* SUPPLIED MATERIAL *
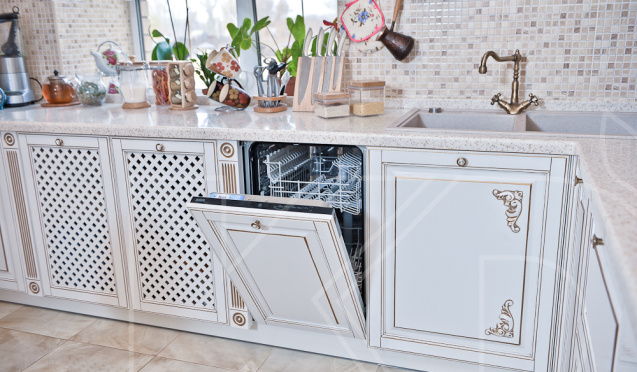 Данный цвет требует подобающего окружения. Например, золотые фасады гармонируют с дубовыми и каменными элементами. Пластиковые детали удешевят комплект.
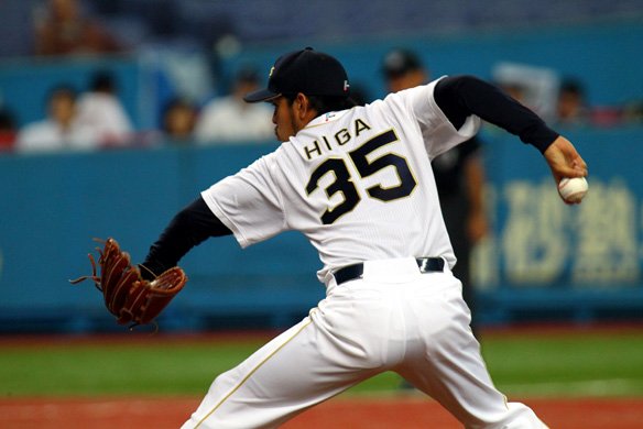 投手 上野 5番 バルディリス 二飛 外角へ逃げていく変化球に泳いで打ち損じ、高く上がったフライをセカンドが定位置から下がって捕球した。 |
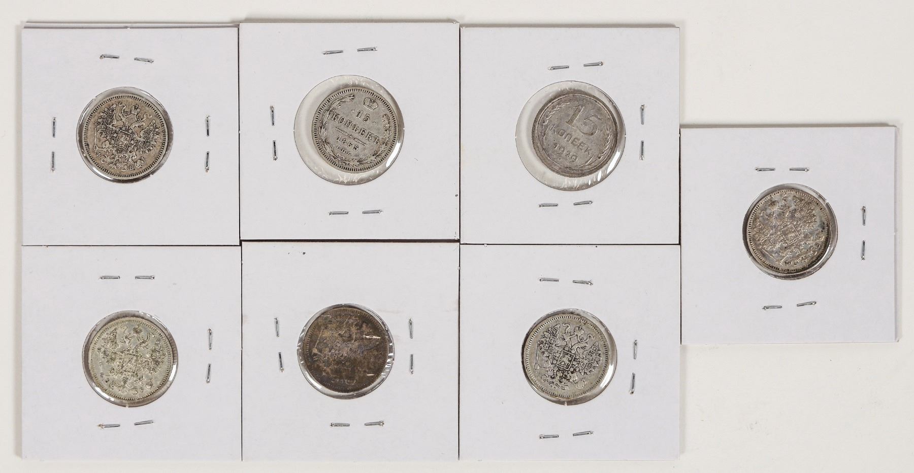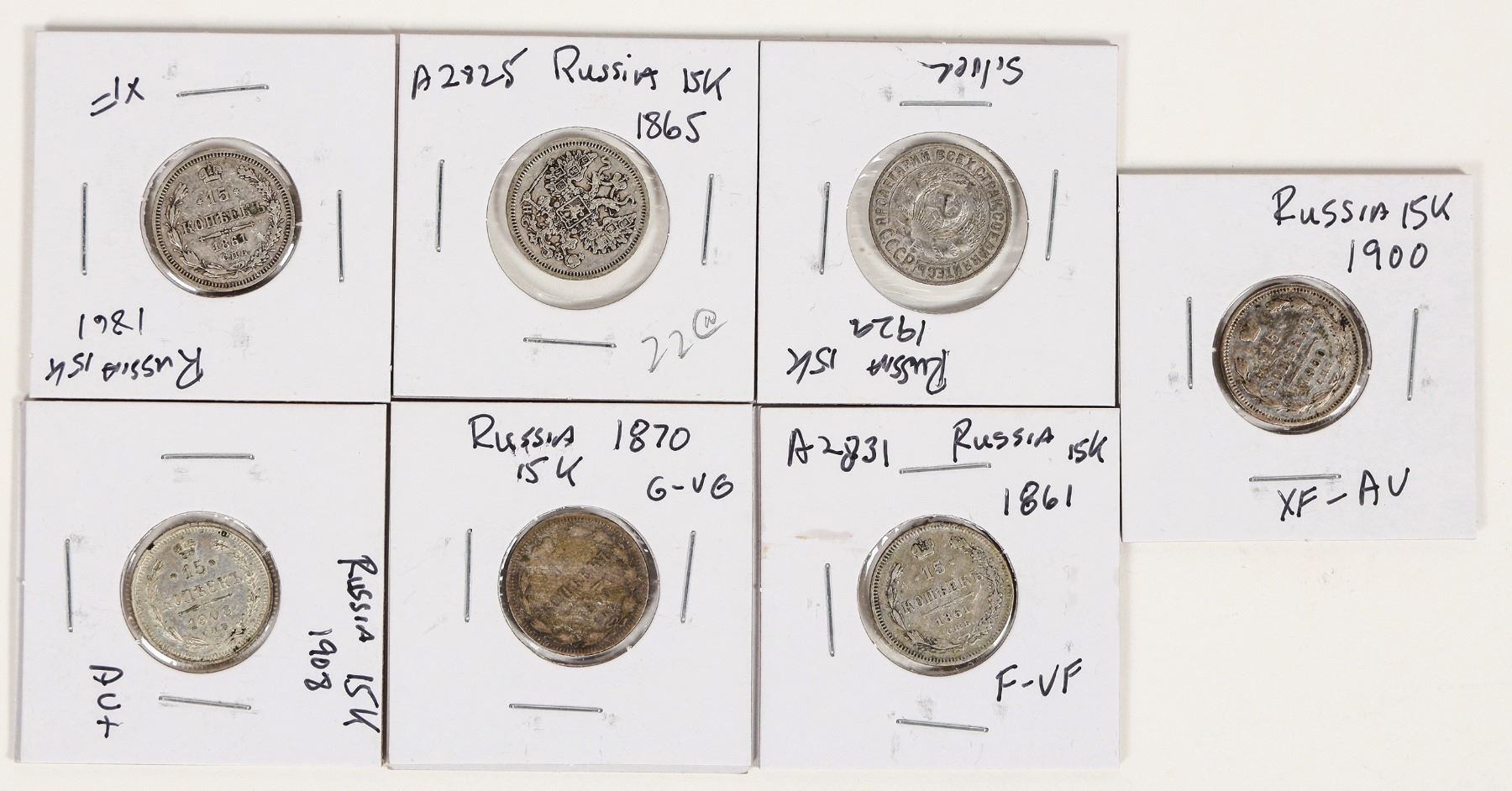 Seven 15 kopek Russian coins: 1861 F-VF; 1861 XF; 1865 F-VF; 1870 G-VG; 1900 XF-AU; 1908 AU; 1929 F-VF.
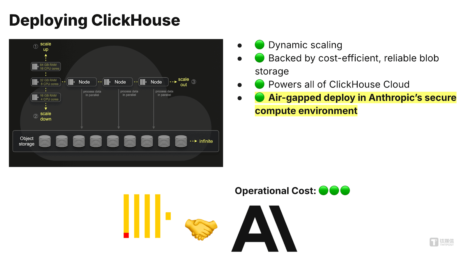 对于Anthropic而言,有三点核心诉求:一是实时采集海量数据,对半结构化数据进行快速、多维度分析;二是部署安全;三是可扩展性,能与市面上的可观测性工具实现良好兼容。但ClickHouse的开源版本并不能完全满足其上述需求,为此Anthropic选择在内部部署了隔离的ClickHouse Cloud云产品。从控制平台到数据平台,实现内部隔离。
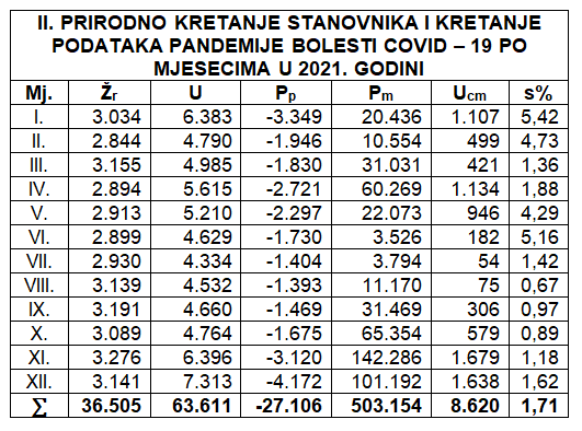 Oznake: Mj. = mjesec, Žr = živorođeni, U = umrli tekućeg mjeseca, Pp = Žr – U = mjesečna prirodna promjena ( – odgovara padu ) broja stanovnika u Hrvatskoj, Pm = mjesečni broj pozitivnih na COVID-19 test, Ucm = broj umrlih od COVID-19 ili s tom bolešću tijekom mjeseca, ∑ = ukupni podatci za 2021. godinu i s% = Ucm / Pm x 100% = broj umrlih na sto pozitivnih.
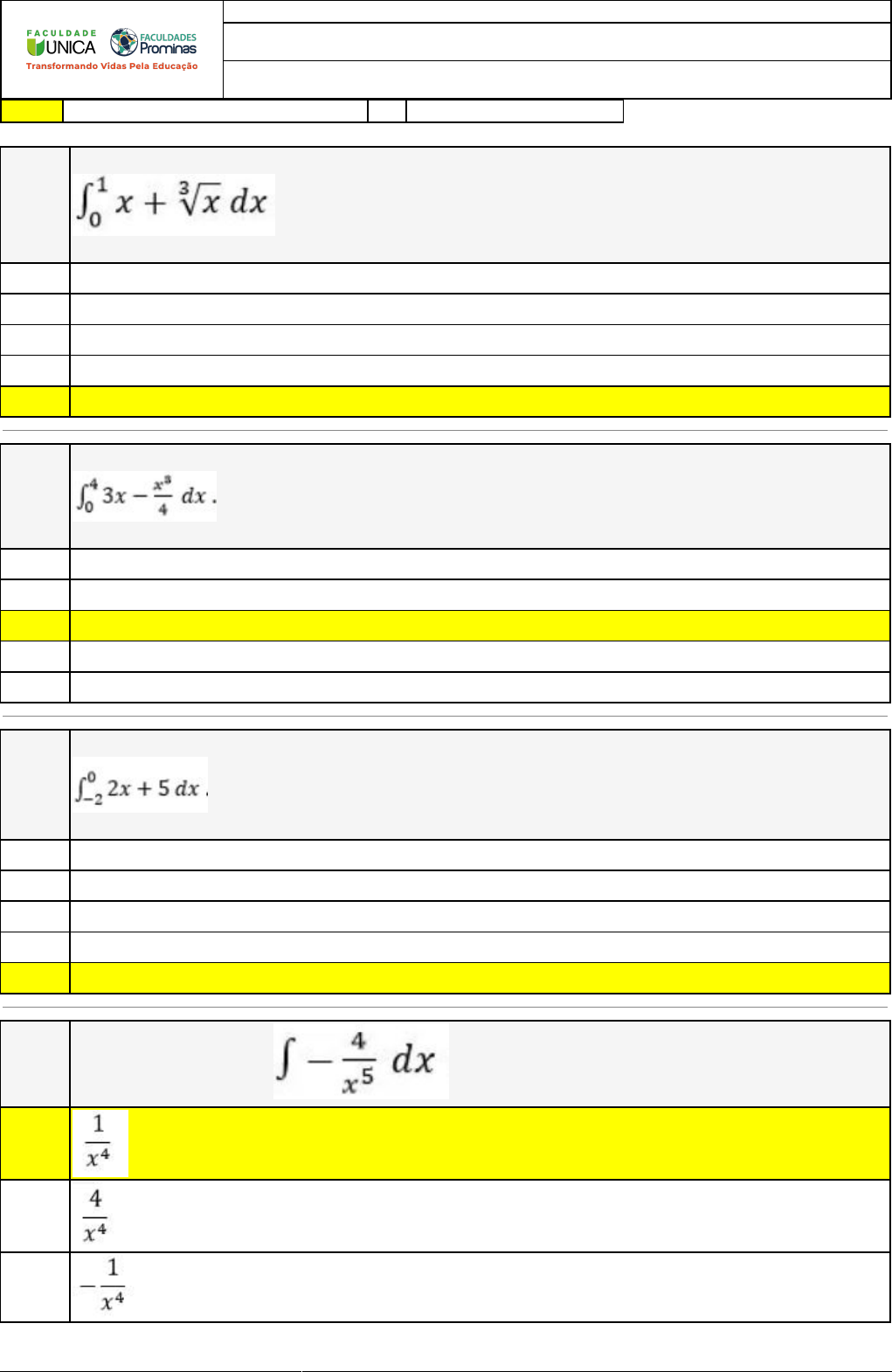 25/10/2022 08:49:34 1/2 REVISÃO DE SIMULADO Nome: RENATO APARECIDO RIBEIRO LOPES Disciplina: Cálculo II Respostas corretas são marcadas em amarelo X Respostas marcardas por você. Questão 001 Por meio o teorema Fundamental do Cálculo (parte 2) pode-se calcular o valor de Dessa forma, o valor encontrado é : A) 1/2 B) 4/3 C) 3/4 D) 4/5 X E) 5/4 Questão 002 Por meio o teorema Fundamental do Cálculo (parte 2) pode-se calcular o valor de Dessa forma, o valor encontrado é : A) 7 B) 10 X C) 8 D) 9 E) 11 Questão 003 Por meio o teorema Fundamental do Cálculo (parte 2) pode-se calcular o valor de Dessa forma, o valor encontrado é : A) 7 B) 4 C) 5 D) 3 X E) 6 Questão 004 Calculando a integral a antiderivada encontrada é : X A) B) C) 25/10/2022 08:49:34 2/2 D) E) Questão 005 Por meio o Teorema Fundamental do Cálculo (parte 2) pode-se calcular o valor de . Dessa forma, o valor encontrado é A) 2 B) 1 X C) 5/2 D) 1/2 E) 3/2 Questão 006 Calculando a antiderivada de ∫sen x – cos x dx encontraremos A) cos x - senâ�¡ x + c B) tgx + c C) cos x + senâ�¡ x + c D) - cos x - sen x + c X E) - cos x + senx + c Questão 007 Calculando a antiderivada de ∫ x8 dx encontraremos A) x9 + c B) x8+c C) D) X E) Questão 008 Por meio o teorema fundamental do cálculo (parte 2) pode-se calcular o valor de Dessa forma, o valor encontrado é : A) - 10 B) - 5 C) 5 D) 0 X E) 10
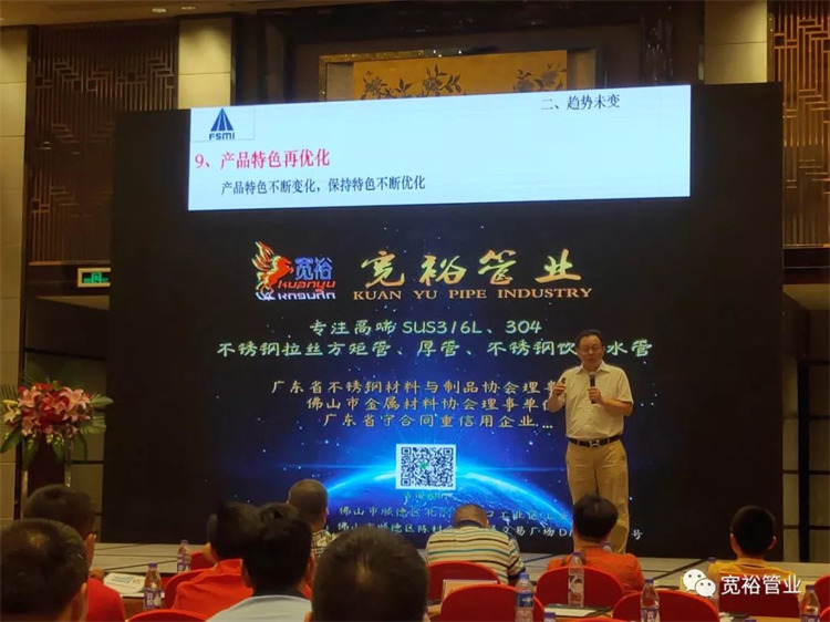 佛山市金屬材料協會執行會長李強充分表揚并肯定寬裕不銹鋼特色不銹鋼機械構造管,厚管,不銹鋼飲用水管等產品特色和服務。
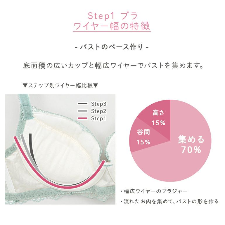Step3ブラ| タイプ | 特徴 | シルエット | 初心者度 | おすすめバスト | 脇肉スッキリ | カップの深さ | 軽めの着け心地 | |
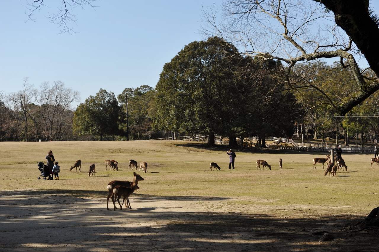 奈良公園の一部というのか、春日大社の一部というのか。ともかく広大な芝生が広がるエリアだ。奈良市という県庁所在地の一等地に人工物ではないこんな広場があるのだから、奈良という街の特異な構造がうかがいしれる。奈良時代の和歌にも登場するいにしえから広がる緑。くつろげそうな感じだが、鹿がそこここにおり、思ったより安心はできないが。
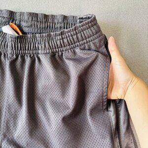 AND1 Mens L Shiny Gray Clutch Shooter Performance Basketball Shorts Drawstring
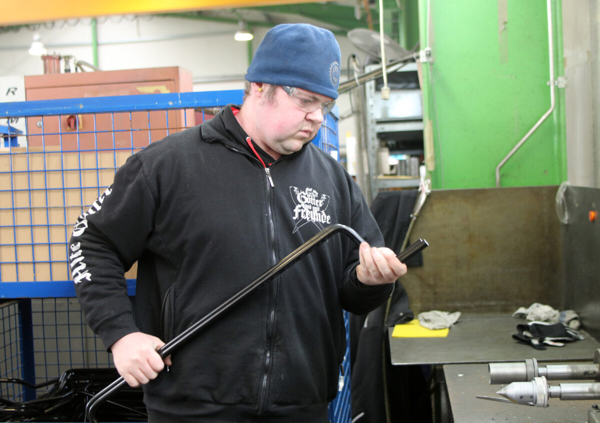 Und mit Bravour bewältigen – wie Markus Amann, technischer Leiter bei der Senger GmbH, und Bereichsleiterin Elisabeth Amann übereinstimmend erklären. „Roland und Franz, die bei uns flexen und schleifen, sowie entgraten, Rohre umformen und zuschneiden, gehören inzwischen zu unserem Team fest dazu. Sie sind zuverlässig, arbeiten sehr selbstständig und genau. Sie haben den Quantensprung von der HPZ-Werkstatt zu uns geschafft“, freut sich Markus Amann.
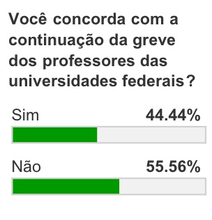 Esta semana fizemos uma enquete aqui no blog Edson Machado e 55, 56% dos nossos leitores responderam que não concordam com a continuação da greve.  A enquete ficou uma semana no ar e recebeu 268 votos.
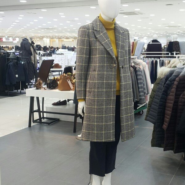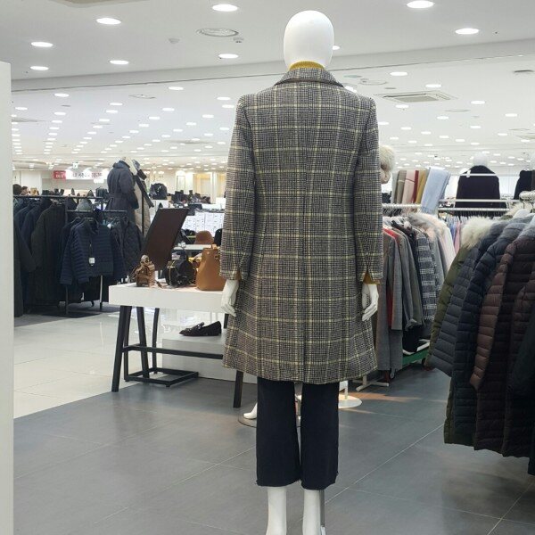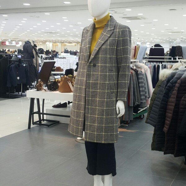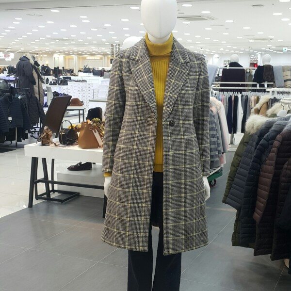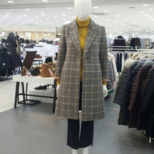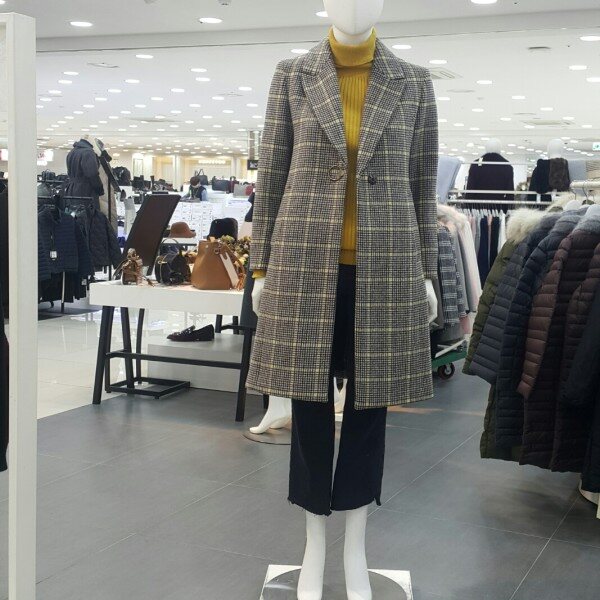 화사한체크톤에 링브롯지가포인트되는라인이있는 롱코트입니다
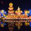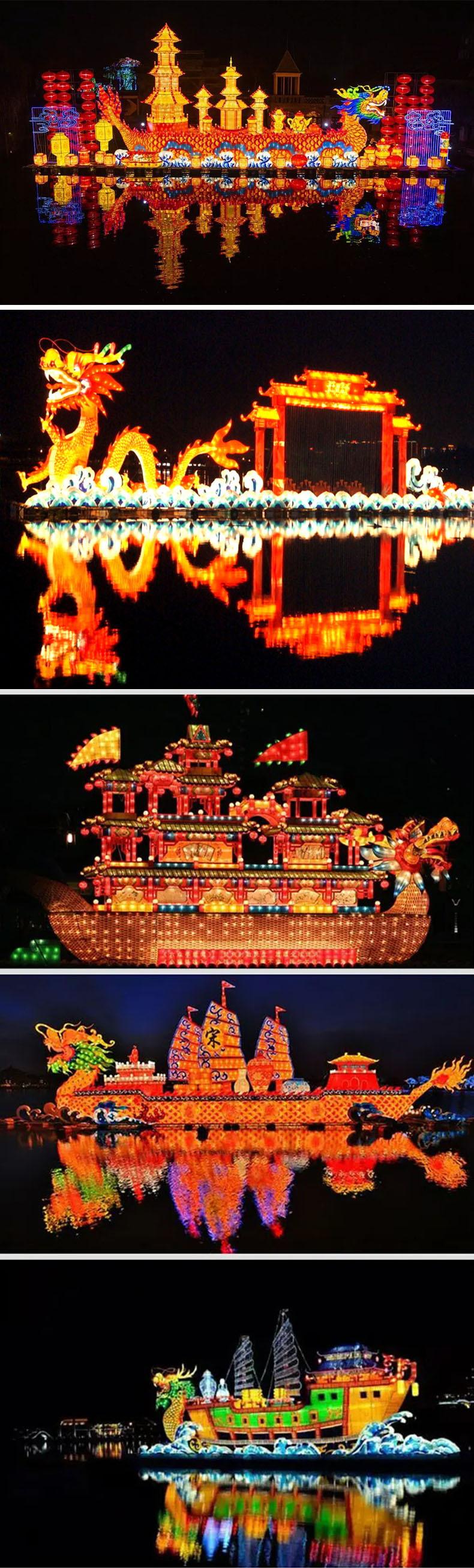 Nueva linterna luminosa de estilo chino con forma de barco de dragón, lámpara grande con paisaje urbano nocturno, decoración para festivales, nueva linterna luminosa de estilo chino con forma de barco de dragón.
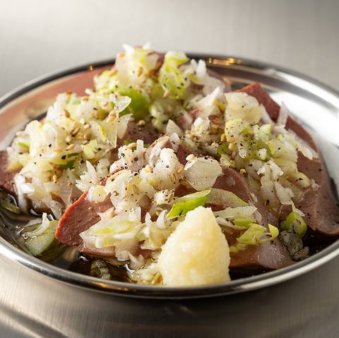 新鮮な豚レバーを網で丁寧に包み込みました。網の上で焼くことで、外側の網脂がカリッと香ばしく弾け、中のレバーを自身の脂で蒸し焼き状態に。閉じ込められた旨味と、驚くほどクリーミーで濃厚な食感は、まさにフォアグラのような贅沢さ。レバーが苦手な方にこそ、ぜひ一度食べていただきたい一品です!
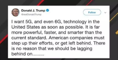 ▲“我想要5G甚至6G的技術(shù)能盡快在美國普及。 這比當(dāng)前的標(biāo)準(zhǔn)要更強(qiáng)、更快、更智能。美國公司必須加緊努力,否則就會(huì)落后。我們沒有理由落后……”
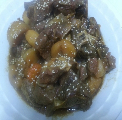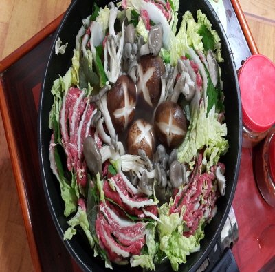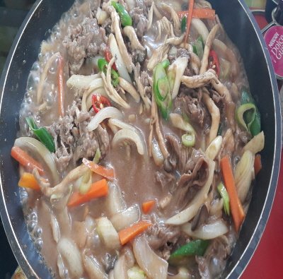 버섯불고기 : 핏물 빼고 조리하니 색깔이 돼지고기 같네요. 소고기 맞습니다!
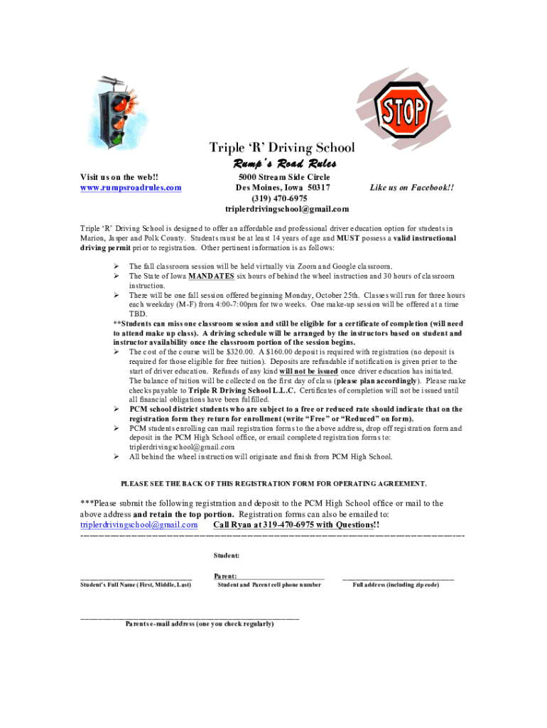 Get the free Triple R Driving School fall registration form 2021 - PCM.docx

* WHAT IS NEEDED *
Reproduce the records word for word, please, from their first line up to and including the line that contains "Seven 15 kopek", but no pictures.

* TASK SOLUTION *
 Данный цвет требует подобающего окружения. Например, золотые фасады гармонируют с дубовыми и каменными элементами. Пластиковые детали удешевят комплект.
 投手 上野 5番 バルディリス 二飛 外角へ逃げていく変化球に泳いで打ち損じ、高く上がったフライをセカンドが定位置から下がって捕球した。 |
 Seven 15 kopek Russian coins: 1861 F-VF; 1861 XF; 1865 F-VF; 1870 G-VG; 1900 XF-AU; 1908 AU; 1929 F-VF.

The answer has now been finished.